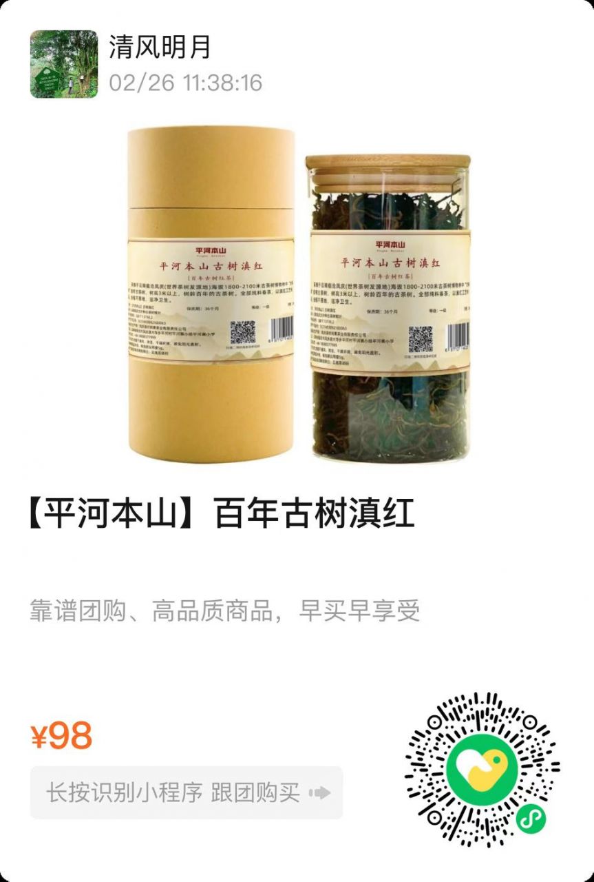 采摘于云南临沧凤庆(世界茶树发源地)海拔1800-2100米的古茶树博物林中“时间果”自有古茶树,树围0.6-0.8米,树高3米以上,树龄百年。全部纯料春茶,以滇红传统工艺制作而成。淘宝搜“时间果古树茶”
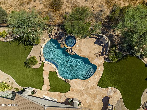 Looking for a private retreat in the desert? This spacious 3/4-acre property offers the perfect blend of comfort and relaxation, featuring a sparkling pool, soothing spa, mature landscaping, and vibrant artificial turf for low-maintenance greenery--ideal for lazy afternoons or entertaining guests. Inside, the beautifully updated kitchen is a chef's dream, complete with new cabinetry, countertops, high-end appliances, designer backsplash, and an oversized walk-in pantry for all your storage needs. With 4 bedrooms and 3 bathrooms, there's room for everyone.The expansive primary suite includes a private backyard entrance and a spa-like bath designed for ultimate relaxation.Located in the gated community of Saguaro Highlands, you'll enjoy quick access to shopping, schools, and restaurants
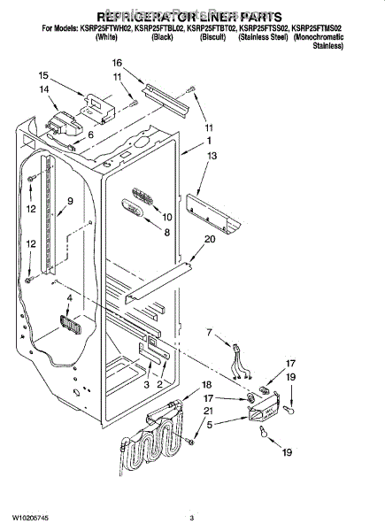 Parts for Kitchenaid KSRP25FTWH02: 02 - Refrigerator Liner Parts
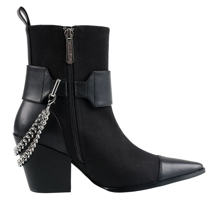 Elegant canvas women’s walking shoes, by KILLSTAR. Side zipper for easy dressing. Composition: canvas (polyester, cotton), synthetic leather (PU), PVC outsole, metal accessories – 100% VEGAN. Sole height (heel) approx .: 6.5 cm.Sole height (front) approx .: 0.5 cm.Overall height of the shoes approx .: 22 cm. Color: black – matt.
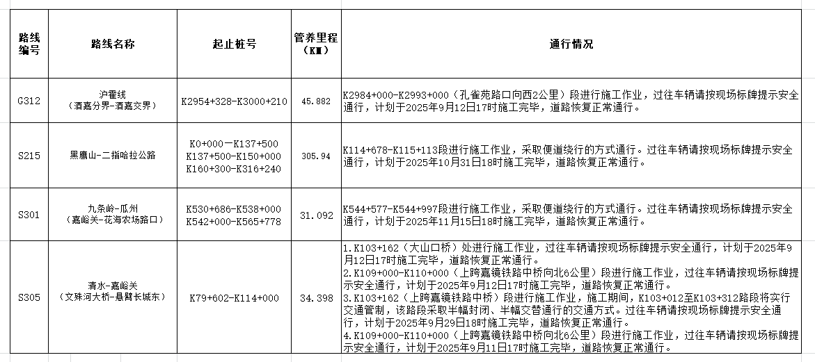 • 嘉峪關公路事業發展中心管養公路路況信息(2025年9月12日)
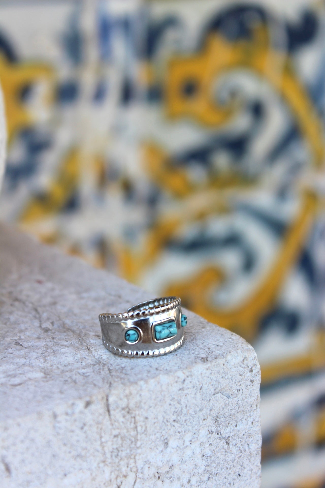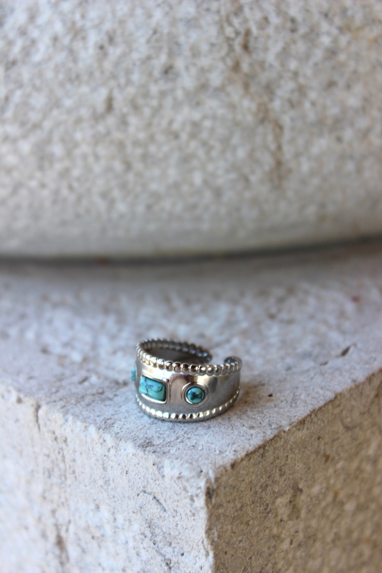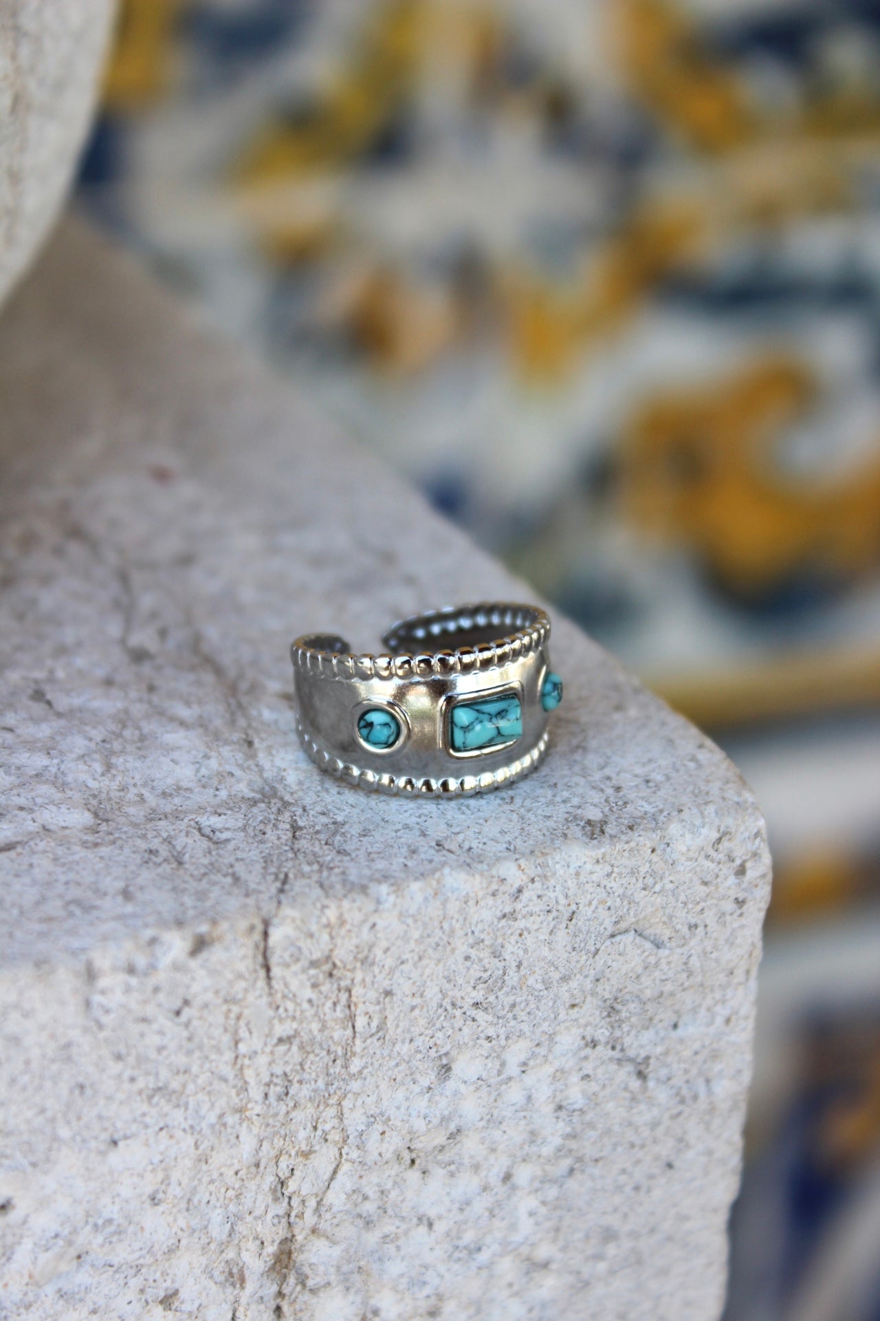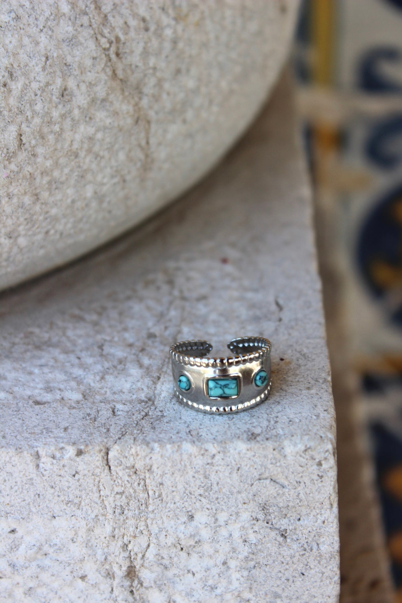Anel Pedra Azul Prateado
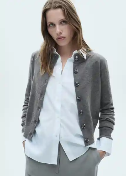 Cierre de Botones en la Parte Delantera, Cuello Redondo, Diseño Recto, Manga Larga, Puños Elásticos, Tejido de Punto, Tejido Mezcla de Lana - 77096722_96.
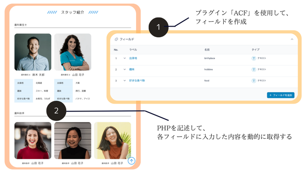 プラグイン「Advance Custom Field」を使用してフィールドを増やし、管理者がどこを更新するか一目でわかるようにしています。
= = = = = = =
EXERCISE PROMPT
Print each line of the listing, starting at its first and ending with the line that holds "Parts for Kitchenaid", but skip any pictures.

RESULT
 采摘于云南临沧凤庆(世界茶树发源地)海拔1800-2100米的古茶树博物林中“时间果”自有古茶树,树围0.6-0.8米,树高3米以上,树龄百年。全部纯料春茶,以滇红传统工艺制作而成。淘宝搜“时间果古树茶”
 Looking for a private retreat in the desert? This spacious 3/4-acre property offers the perfect blend of comfort and relaxation, featuring a sparkling pool, soothing spa, mature landscaping, and vibrant artificial turf for low-maintenance greenery--ideal for lazy afternoons or entertaining guests. Inside, the beautifully updated kitchen is a chef's dream, complete with new cabinetry, countertops, high-end appliances, designer backsplash, and an oversized walk-in pantry for all your storage needs. With 4 bedrooms and 3 bathrooms, there's room for everyone.The expansive primary suite includes a private backyard entrance and a spa-like bath designed for ultimate relaxation.Located in the gated community of Saguaro Highlands, you'll enjoy quick access to shopping, schools, and restaurants
 Parts for Kitchenaid KSRP25FTWH02: 02 - Refrigerator Liner Parts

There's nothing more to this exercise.